DATA LISTING Block Start

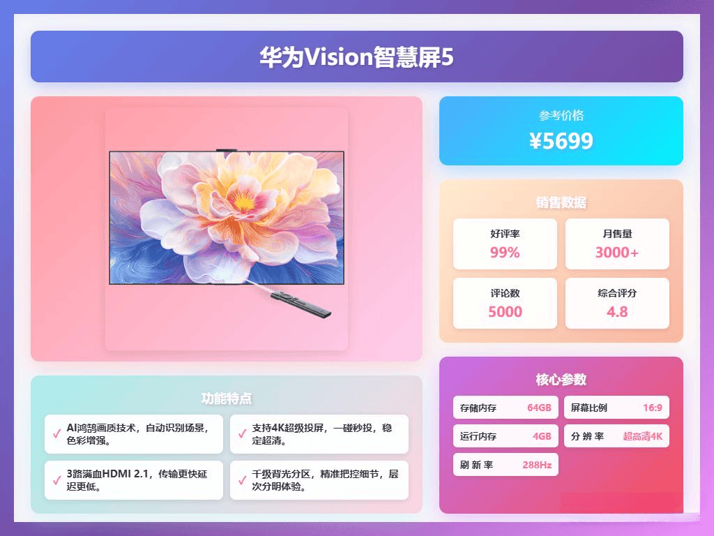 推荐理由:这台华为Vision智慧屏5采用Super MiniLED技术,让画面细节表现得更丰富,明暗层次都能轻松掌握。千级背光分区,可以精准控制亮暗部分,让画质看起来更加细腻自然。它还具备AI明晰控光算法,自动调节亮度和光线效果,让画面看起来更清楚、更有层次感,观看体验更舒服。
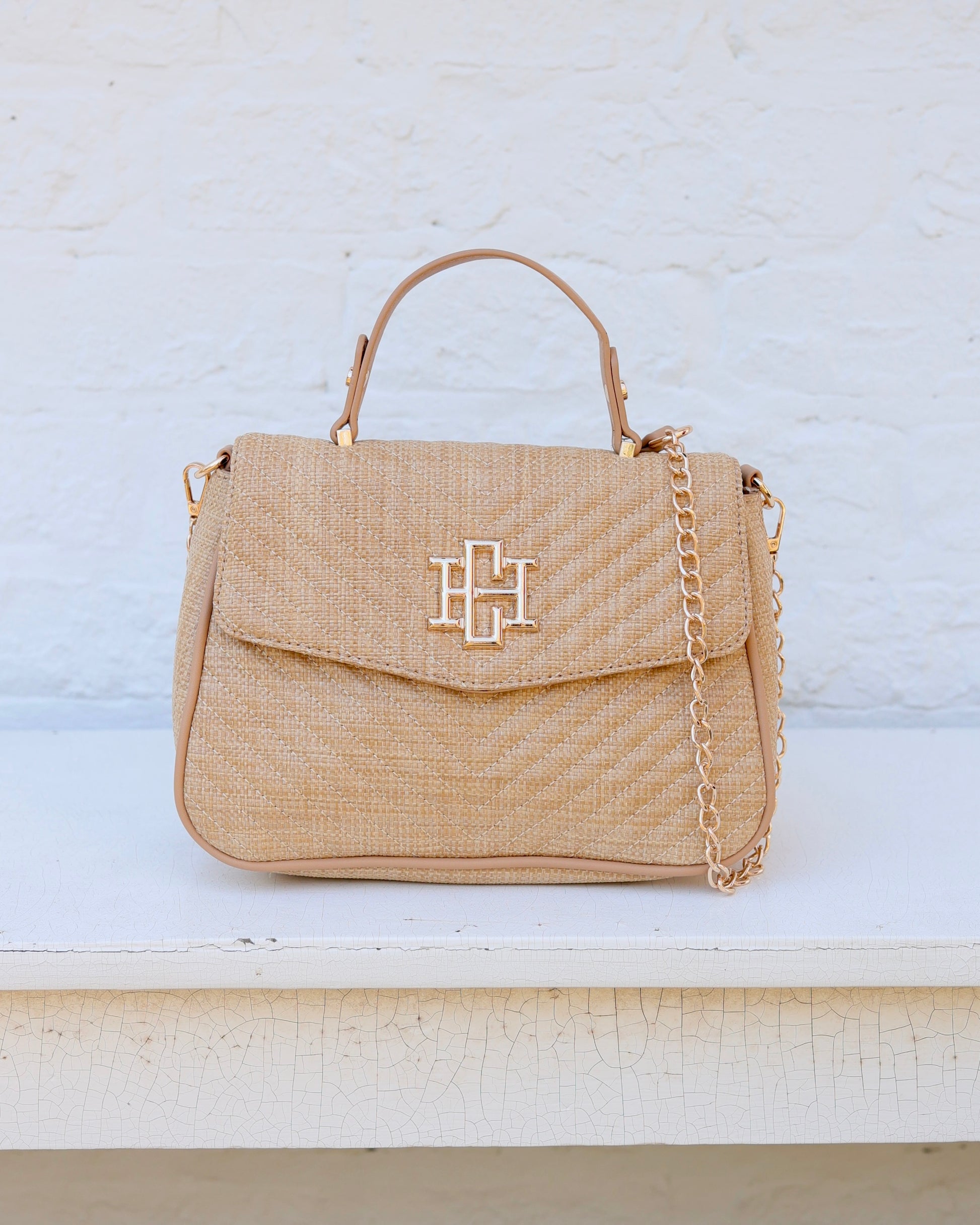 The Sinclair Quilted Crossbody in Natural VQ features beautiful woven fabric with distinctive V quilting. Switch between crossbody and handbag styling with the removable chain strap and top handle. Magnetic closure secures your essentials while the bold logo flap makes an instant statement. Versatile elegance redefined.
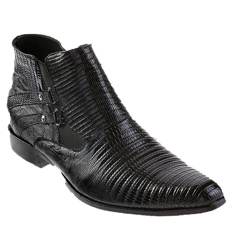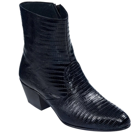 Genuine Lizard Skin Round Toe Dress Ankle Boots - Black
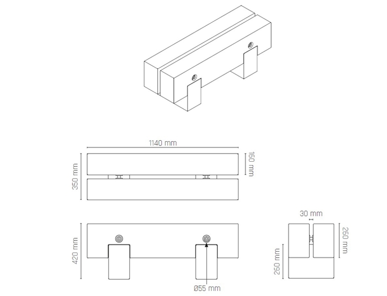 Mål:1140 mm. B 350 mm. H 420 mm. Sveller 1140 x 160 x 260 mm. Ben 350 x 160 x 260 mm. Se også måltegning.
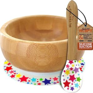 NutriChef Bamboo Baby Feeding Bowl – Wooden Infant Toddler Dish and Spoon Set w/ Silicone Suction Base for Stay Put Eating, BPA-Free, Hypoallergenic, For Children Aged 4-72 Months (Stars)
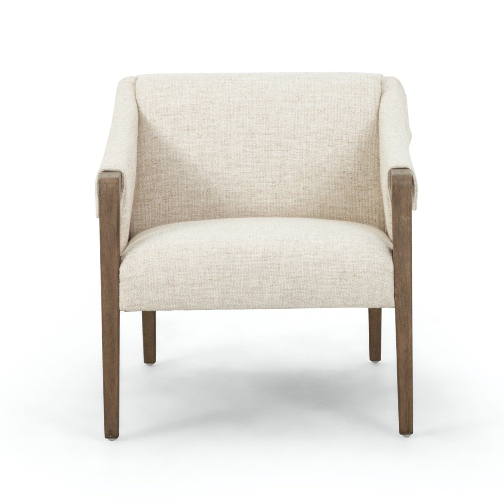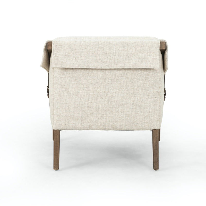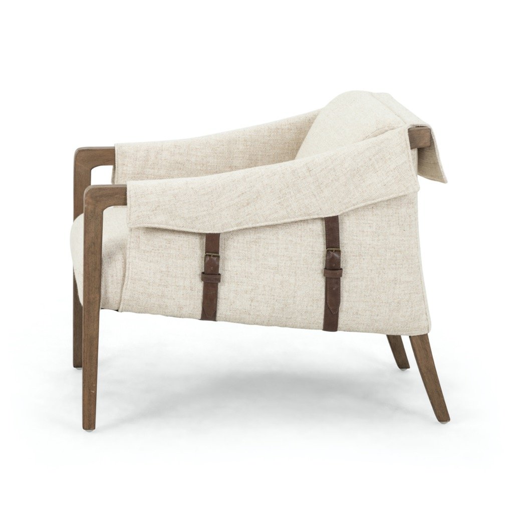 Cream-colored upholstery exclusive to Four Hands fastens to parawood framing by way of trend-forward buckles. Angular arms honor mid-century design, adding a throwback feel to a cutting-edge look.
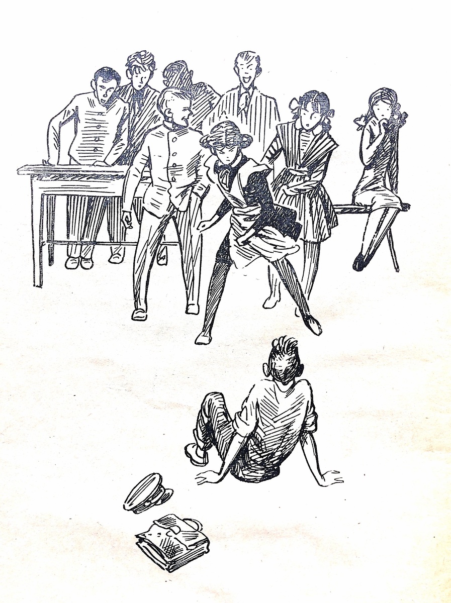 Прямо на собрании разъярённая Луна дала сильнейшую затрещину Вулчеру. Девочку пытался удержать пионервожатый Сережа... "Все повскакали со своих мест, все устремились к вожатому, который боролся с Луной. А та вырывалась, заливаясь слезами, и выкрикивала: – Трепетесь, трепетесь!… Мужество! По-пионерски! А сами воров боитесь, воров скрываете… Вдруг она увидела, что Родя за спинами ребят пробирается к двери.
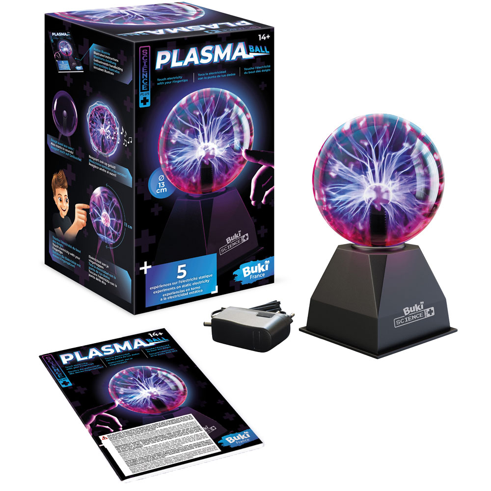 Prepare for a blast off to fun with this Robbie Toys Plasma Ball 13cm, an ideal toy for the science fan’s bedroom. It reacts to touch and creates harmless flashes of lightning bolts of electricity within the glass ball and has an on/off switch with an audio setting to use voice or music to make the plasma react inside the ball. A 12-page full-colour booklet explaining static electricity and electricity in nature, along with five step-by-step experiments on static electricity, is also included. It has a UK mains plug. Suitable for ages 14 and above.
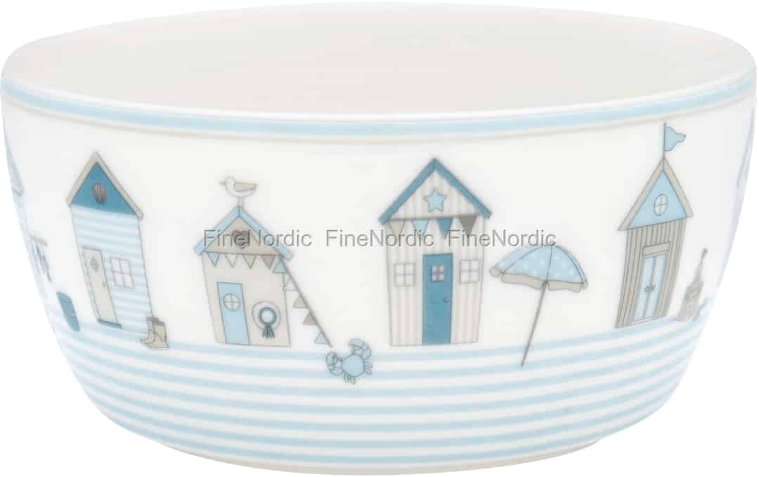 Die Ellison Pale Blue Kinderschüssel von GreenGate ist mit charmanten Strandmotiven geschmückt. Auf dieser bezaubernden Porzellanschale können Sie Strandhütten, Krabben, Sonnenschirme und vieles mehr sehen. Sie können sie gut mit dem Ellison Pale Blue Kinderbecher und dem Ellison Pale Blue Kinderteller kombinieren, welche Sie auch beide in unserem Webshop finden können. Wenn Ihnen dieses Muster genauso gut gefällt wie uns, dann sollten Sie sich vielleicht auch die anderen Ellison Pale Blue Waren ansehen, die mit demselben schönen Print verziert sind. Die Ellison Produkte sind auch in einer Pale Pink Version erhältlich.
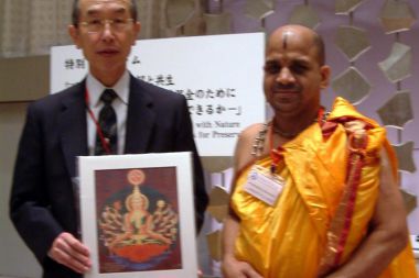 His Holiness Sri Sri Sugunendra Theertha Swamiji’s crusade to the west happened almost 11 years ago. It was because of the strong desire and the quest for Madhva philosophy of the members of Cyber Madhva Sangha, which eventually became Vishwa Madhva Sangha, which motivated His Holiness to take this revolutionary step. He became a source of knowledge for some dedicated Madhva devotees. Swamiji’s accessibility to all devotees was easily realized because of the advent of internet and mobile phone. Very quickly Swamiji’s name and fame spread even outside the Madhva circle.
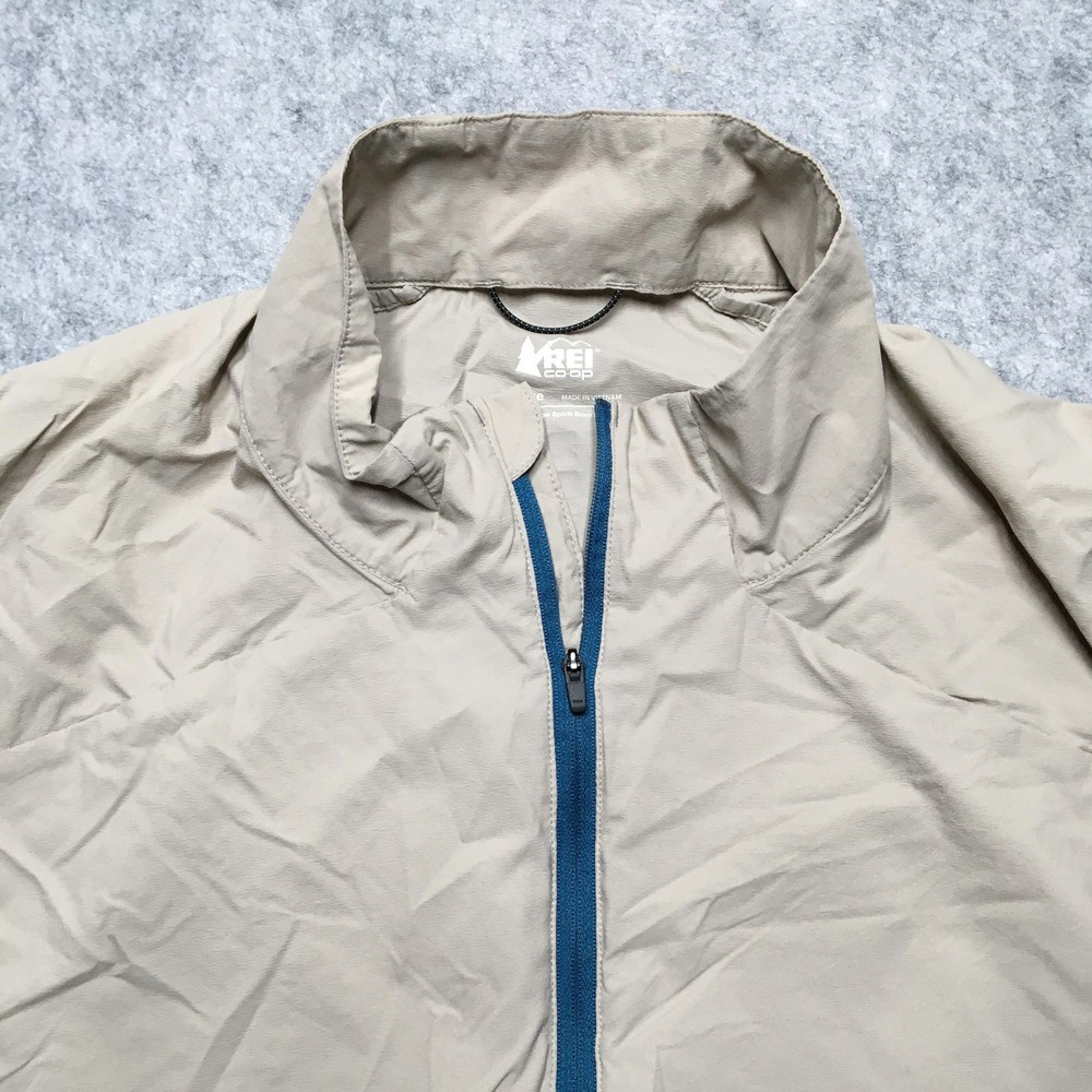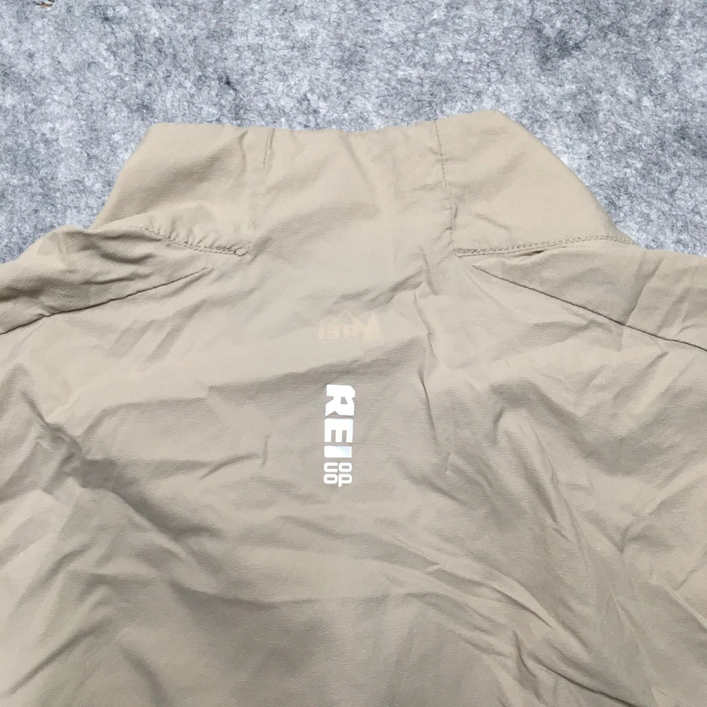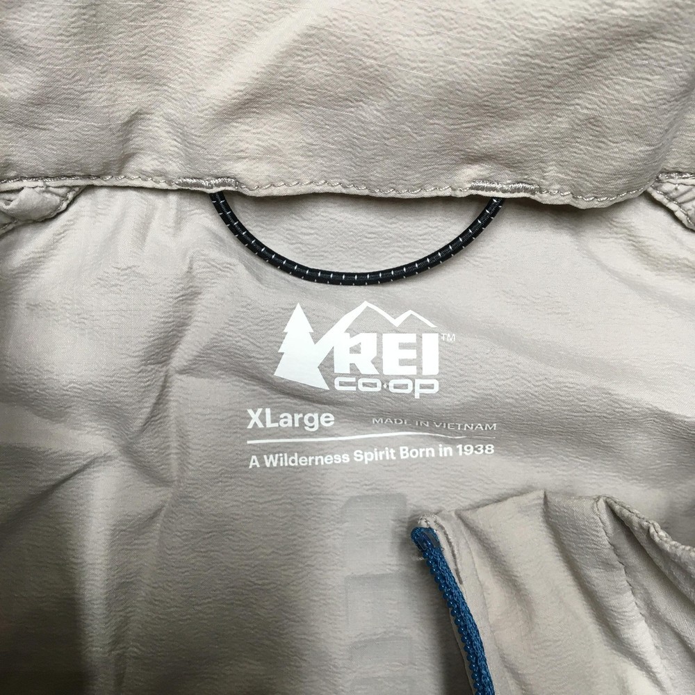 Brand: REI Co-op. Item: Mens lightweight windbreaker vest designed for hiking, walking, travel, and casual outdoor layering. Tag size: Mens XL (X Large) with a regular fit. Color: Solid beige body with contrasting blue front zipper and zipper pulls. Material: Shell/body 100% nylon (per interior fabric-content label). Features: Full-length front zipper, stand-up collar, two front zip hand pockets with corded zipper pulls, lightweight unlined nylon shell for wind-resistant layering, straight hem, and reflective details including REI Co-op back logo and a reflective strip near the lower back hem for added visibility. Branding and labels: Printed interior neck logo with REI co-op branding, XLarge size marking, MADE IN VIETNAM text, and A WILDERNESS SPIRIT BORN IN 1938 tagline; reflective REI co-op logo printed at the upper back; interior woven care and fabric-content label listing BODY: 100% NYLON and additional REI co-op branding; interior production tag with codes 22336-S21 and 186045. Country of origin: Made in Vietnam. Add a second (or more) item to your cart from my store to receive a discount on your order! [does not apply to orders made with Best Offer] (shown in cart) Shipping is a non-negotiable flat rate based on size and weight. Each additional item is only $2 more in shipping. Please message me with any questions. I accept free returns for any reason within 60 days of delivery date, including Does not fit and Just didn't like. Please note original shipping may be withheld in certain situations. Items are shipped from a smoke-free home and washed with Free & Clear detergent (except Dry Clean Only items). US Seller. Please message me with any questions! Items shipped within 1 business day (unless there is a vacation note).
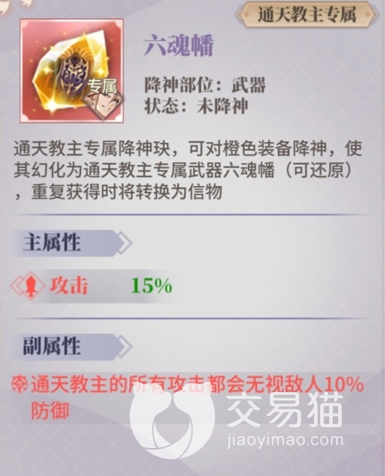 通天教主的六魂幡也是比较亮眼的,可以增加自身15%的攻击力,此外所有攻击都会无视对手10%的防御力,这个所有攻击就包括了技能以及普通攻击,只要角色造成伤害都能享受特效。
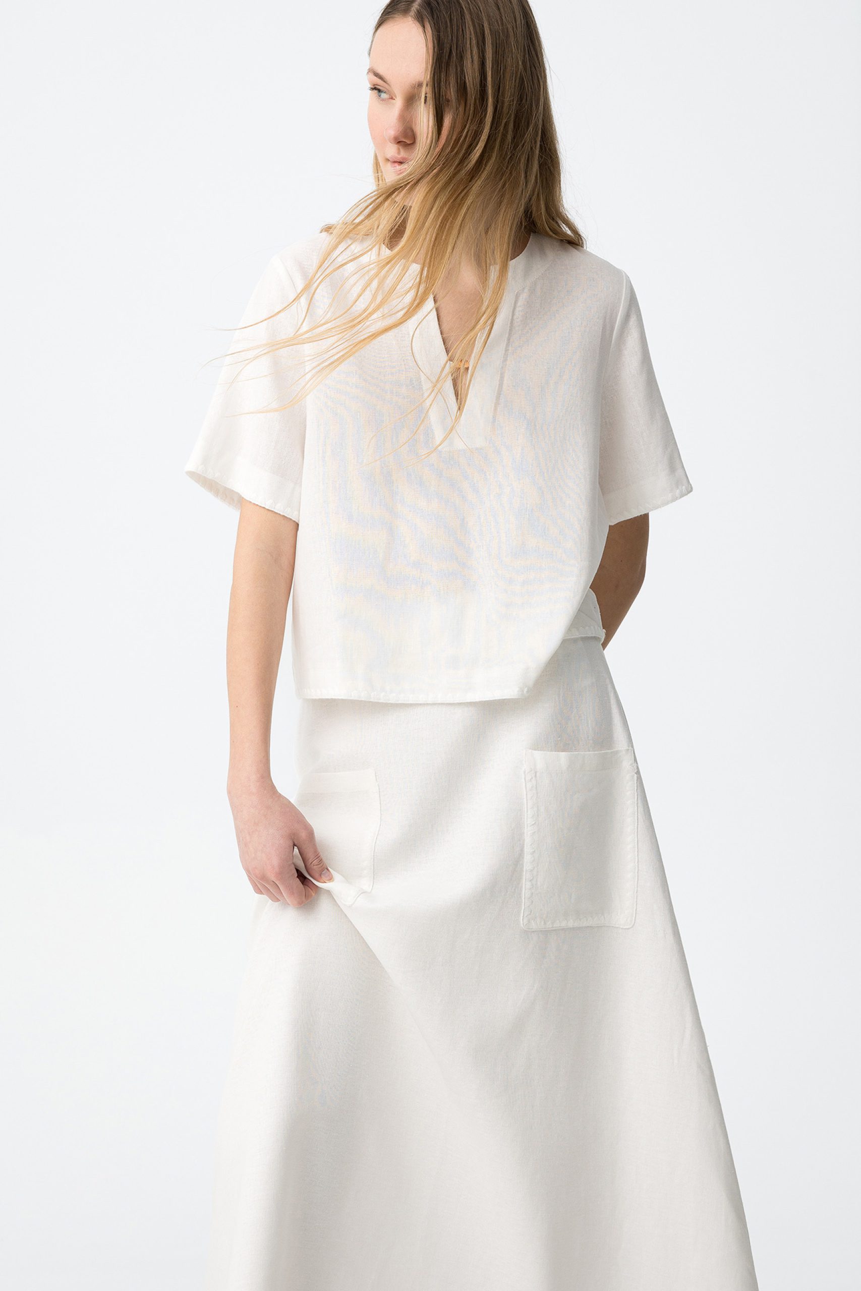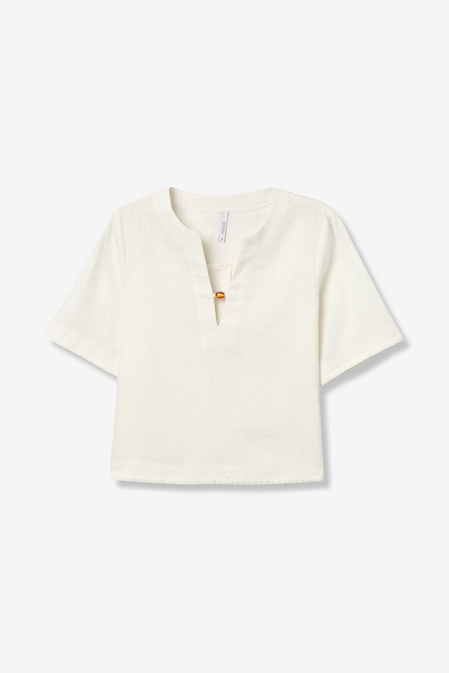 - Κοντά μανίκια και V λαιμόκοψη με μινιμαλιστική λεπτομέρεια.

DATA LISTING Block End

• _ACTIVITY_: Range to copy from the records above: the line containing "Prepare for a" to the line containing "His Holiness Sri", both included. Output those lines exactly and only those, skipping pictures.

• _TASK OUTPUT_:
 Prepare for a blast off to fun with this Robbie Toys Plasma Ball 13cm, an ideal toy for the science fan’s bedroom. It reacts to touch and creates harmless flashes of lightning bolts of electricity within the glass ball and has an on/off switch with an audio setting to use voice or music to make the plasma react inside the ball. A 12-page full-colour booklet explaining static electricity and electricity in nature, along with five step-by-step experiments on static electricity, is also included. It has a UK mains plug. Suitable for ages 14 and above.
 Die Ellison Pale Blue Kinderschüssel von GreenGate ist mit charmanten Strandmotiven geschmückt. Auf dieser bezaubernden Porzellanschale können Sie Strandhütten, Krabben, Sonnenschirme und vieles mehr sehen. Sie können sie gut mit dem Ellison Pale Blue Kinderbecher und dem Ellison Pale Blue Kinderteller kombinieren, welche Sie auch beide in unserem Webshop finden können. Wenn Ihnen dieses Muster genauso gut gefällt wie uns, dann sollten Sie sich vielleicht auch die anderen Ellison Pale Blue Waren ansehen, die mit demselben schönen Print verziert sind. Die Ellison Produkte sind auch in einer Pale Pink Version erhältlich.
 His Holiness Sri Sri Sugunendra Theertha Swamiji’s crusade to the west happened almost 11 years ago. It was because of the strong desire and the quest for Madhva philosophy of the members of Cyber Madhva Sangha, which eventually became Vishwa Madhva Sangha, which motivated His Holiness to take this revolutionary step. He became a source of knowledge for some dedicated Madhva devotees. Swamiji’s accessibility to all devotees was easily realized because of the advent of internet and mobile phone. Very quickly Swamiji’s name and fame spread even outside the Madhva circle.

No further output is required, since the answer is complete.